Thirstory: Getting Naked with the Towel Boys
Welcome to Thirstory, where we whet your appetite with pages from the Interview archives that were almost too hot to print. This week, we resurface “Towel Boys,” first published in our August 1987 edition.
In the summer of 1987, the Interview contributor Christopher Makos was tasked to develop a home decor story for the magazine. His assignment? Make towels sexy. In a stroke of genius, Makos turned a possibly drab subject into a centerfold shoot, styling a group of torso-bearing hunks as makeshift towel bars. Looking back on the assignment, Makos says, “There’s nothing like a sexy boy being a home furnishing.”
In the editorial, the male models reinterpret their towels as togas, flexing their chiseled bodies and perspiring with as much passion as Lisa Rinna live on QVC.

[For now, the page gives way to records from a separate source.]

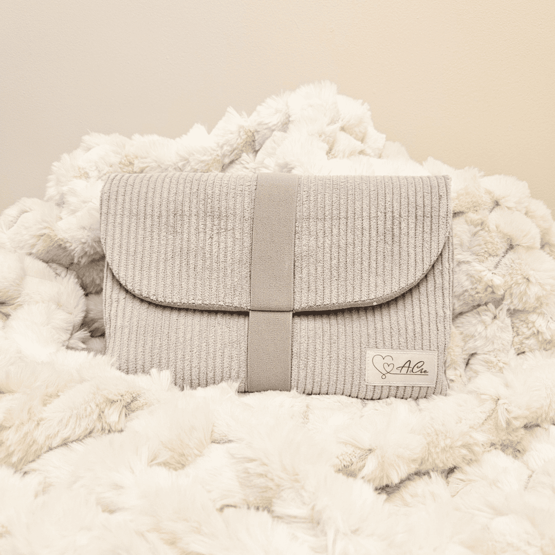 La pochette bébé velours Petit Troupeau de Rêves organise les essentiels de bébé avec élégance et praticité. Confectionnée à la main avec des tissus certifiés respectueux de la peau sensible, elle accompagne toutes les sorties : maternité, voyage ou à la maison.
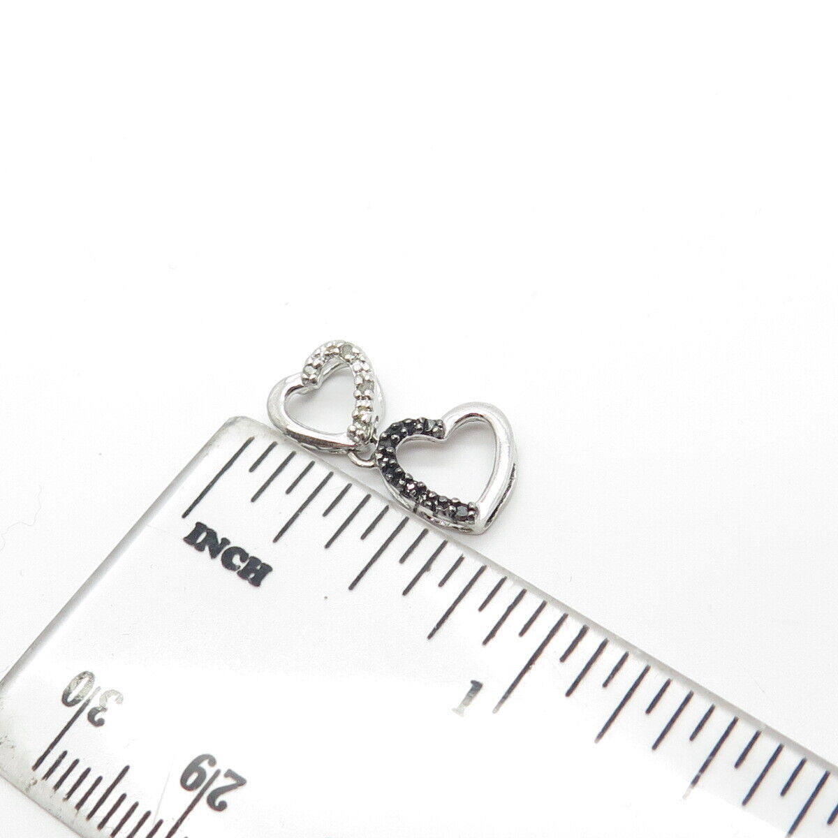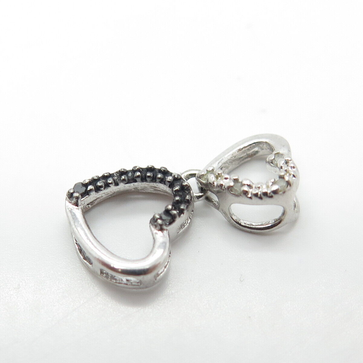 925 Sterling Silver Real White & Black Diamond Loving Open Heart Pendant
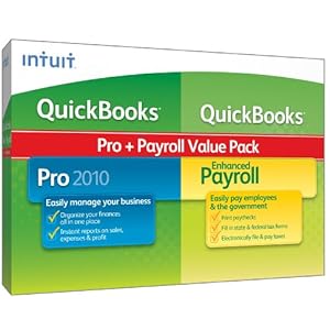 Bundles QuickBooks Pro 2010 and QuickBooks Payroll Enhanced for 1-3 Employees Easily organize and maintain your business financ
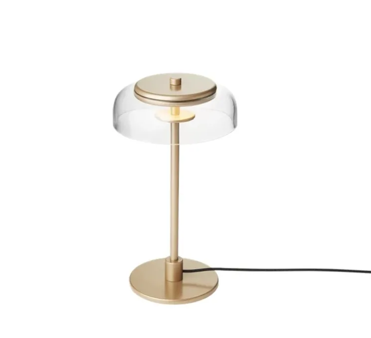 La lampe est équipée d’un module LED remplaçable soigneusement intégré, qui projette la lumière vers le haut dans un disque métallique doré. Cette caractéristique crée une lueur chaleureuse et enveloppante qui illumine l’abat-jour en verre transparent. Le contraste entre le métal doré et le verre transparent ajoute une touche d’élégance à la lampe.

Makos attributes all that steam-room allure to the casting. “There’s a sense of innocence here that is different than the pictures of guys today, because guys today are so self-aware. The picture you see is of these hot biceps and stomach muscles, but ultimately I was photographing their personalities. It was a lot of fun to ask people to take their clothes off for legitimate reasons. You know what I mean?”
Christopher Makos is a New York City–based photographer whose work will be featured in an exhibition at Daniel Cooney Fine Art this September.